Эдна Тау, бок о бок с Остером Кинном, выслеживала белок. Легче всего их заметить по пушистому хвостику. И поймать на земле, конечно, намного проще, чем карабкаться за ними на дерево. Но белки, похоже, сговорились затаиться в дуплах. У них там, наверное, запасов немерено. Не то, что у экипажа потонувшего корабля…
— Придется тебе, друг мой любезный, побыть сегодня в роли мишки, — вздохнула Эдна Тау.
И Остер Кинн, засучив рукава, полез на сосну. Сосна была старая и смолистая. И где-то наверху в ней было выдолблено дупло. Самое что ни на есть беличье. Пока Остер Кинн отдирал прилипшую к стволу штанину, он думал о том, как возникают дупла. Привычная работа для дятлов. Но поскольку дятлы исчезли из страны лет двести назад, то можно полагать, что эта сосна на своем веку повидала многое. Очень многое. И белки там, наверху, наверняка откормленные.

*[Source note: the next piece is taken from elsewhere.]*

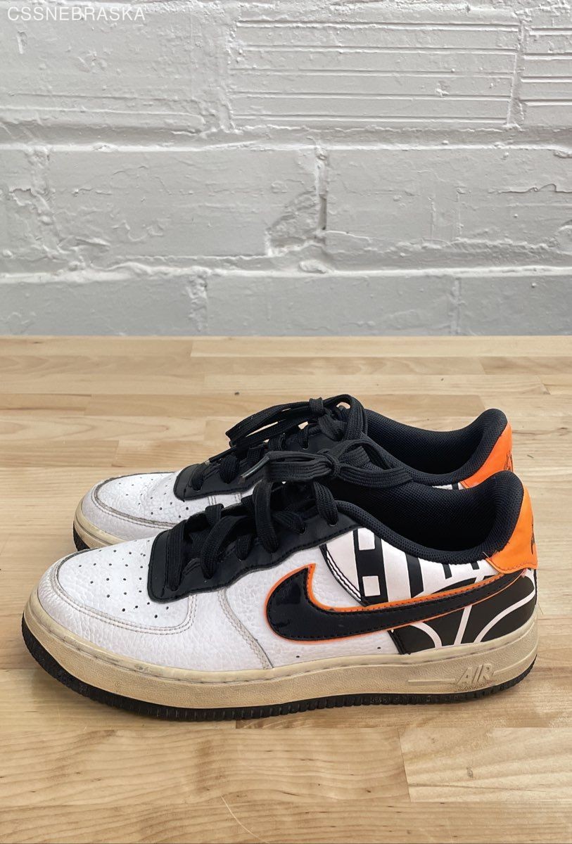 Nike Multi AIR FORCE 1 White Black Orange Low Top Sneaker Size - Size 5Y

Пока Остер Кинн без особого энтузиазма справлялся со своей задачей, Эдна Тау решила поискать молодых сосновых корешков. Она бродила меж сосен, нагибаясь и высматривая что-то у земли. Но вскоре желание разжиться питательными корнями отпало.
«Не подберешься к ним, больно глубоко в камне засели», — выразила свою досаду индианка, когда Остер Кинн спустился ни с чем.

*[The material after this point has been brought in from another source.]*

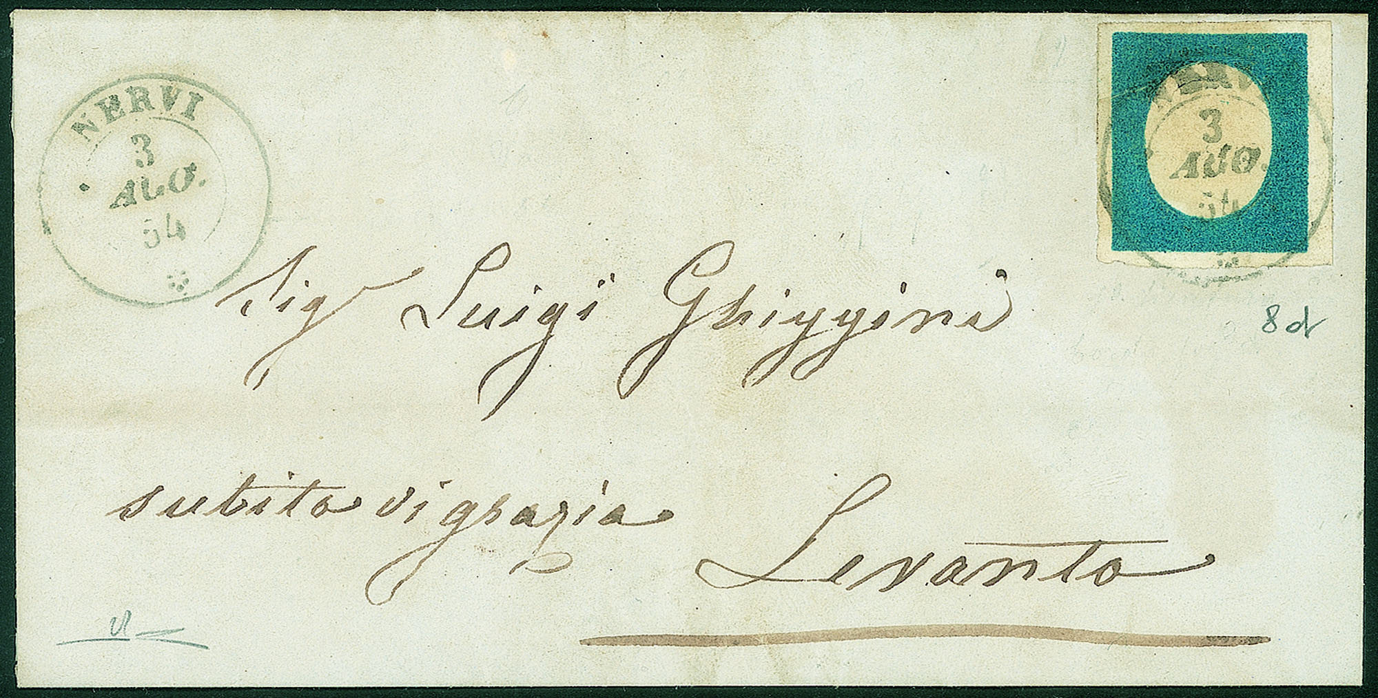 Lot 227 | Antichi Stati Italiani - Sardegna - Busta affrancata con 20 cent azzurro verdastro (8d)

— Как это нет белок?! — возмутилась Эдна Тау. — Сколько себя помню, всегда тут водились. Хм… — Она в недоумении почесала голову. — Лес не хочет нас принимать. И меня это тревожит. Здесь кроется какая-то загадка…
Как оказалось, причиной столь внезапного опустения послужил топор и матрос, им орудовавший. Одно срубленное дерево лес еще смог бы простить.
Но ругательства — уж извините! От ругательств Калли у леса началась самая настоящая аллергия. А Калли злился на топор, который был тупее всех топоров на свете, и на деревья, срубить которые можно было, лишь спев им лесную колыбельную. Бранные слова с языка так и слетали — только подсчитывать успевай. Старая сосна, которую матрос без особого успеха атаковал, насчитала с три дюжины.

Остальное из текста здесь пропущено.